Asian companies are active in mergers and acquisitions, as seen with Lenovo’s purchase of IBM’s computer division. India’s Mittal Steel bought Europe’s biggest steelmaker, Arcelor, consolidating its position as the world’s number-one steelmaker. India’s Tata Group launches the people’s car for US$2500 on its home turf and wants to purchase two British motor-industry icons: Jaguar and Land Rover.

Inexperienced compared with established Western multinationals, most Asian firms, particularly the Chinese companies, prefer the minority-shareholder route in this initial phase of going global. Industrial and Commercial Bank of China has taken a 20 percent share of South Africa’s largest bank, Standard Bank, also operating in 18 other African countries, thus gaining a foothold in Africa. Two Chinese firms vie for 20-percent stakes of the West Australian iron-ore miner, Mount Gibson. India’s biggest bank, ICICI, is present in 18 countries through wholly-owned subsidiaries, branches and representative offices. International operations account for about 23 percent of its consolidated banking assets.
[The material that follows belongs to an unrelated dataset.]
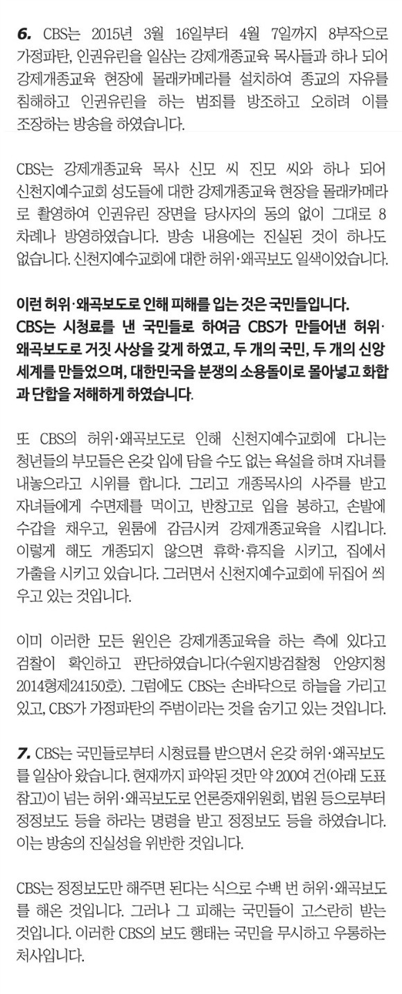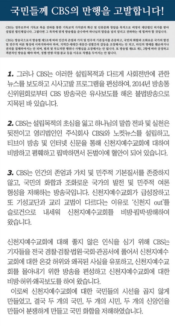 이에 CBS의 만행을 고발하는 성명서를 발표하며 CBS폐쇄를 촉구합니다!

The exciting question is whether a new corporate culture forged by the Asian way of doing business – more cautious, more network-oriented and not compelled to publish higher earnings on a quarterly basis – will emerge or whether the new multinational companies born out of Asia will adopt existing formulas.

The most likely outcome is a gradual transformation of corporate culture, depriving Western companies of their monopoly of not only doing business, but also drawing the lines in business culture. Admittedly, Japan, China, India and Southeast Asian countries have striking dissimilarities in business practices, much like the differences in US and European practices. Still the fundamental difference between Asian and Western business culture remains the Western focus on short-term profits, a factor that was instrumental in the Enron and WorldCom disasters.

The reaction of the Western world to Asia’s rise is defensive in nature, bordering on protectionism. For decades, the Western world, in particular the US, praised the free market, free trade and all related principles. Now as newcomers like China and India use free competition to erode market shares of established powers, another tune is heard. The US imposed steel tariffs in 2002, Brazil disputed American cotton subsidies in 2005, and in July 2007 the US Senate Finance Committee voted 20-1 to allow US companies to seek anti-dumping duties on goods from any country that maintains a "fundamentally misaligned" exchange rate after being formally cited by the US. Final approval of the latter legislation is unlikely, but such moves signal a change of the tide.

The US and the EU criticize China for not appreciating its currency. More politicians question free trade as the best model in the era of globalization and talk about America’s economic sovereignty. And even as sovereign wealth funds bail out US financial firms from their sub-prime mess, politicians and investors fret about the size and goals of the funds, determined to set limits, as was done when the US Congress put a stop to the takeover of US ports by a Dubai-based consortium in 2006.

Asia may well solidify its position as the largest and most dynamic economy in the course of 2008. It remains to be seen, however, whether Asia is willing or indeed allowed to shoulder the political responsibility that comes with such power. Will the US and Europe relinquish institutional power that no longer reflects realities? One wonders how long members of the G-8 can discuss the global economy without China and India as permanent members and how the IMF can continue to function with imbalanced quotas – 16.79 percent for the US, 5.88 percent for Germany, 4.86 percent for each Britain and France, compared to 3.66 percent for China and 1.89 percent for India.

Such imbalance between wealth and power is a recipe for a global stalemate paralyzing any efforts to put together a framework to take over after the one so wisely crafted almost 60 years ago giving the world the trinity of the International Monetary Fund, the World Bank and the General Agreement on Tariffs and Trade.

Joergen Oerstroem Moeller is a visiting senior research fellow with the Institute of Southeast Asian Studies, Singapore, and adjunct professor with the Copenhagen Business School.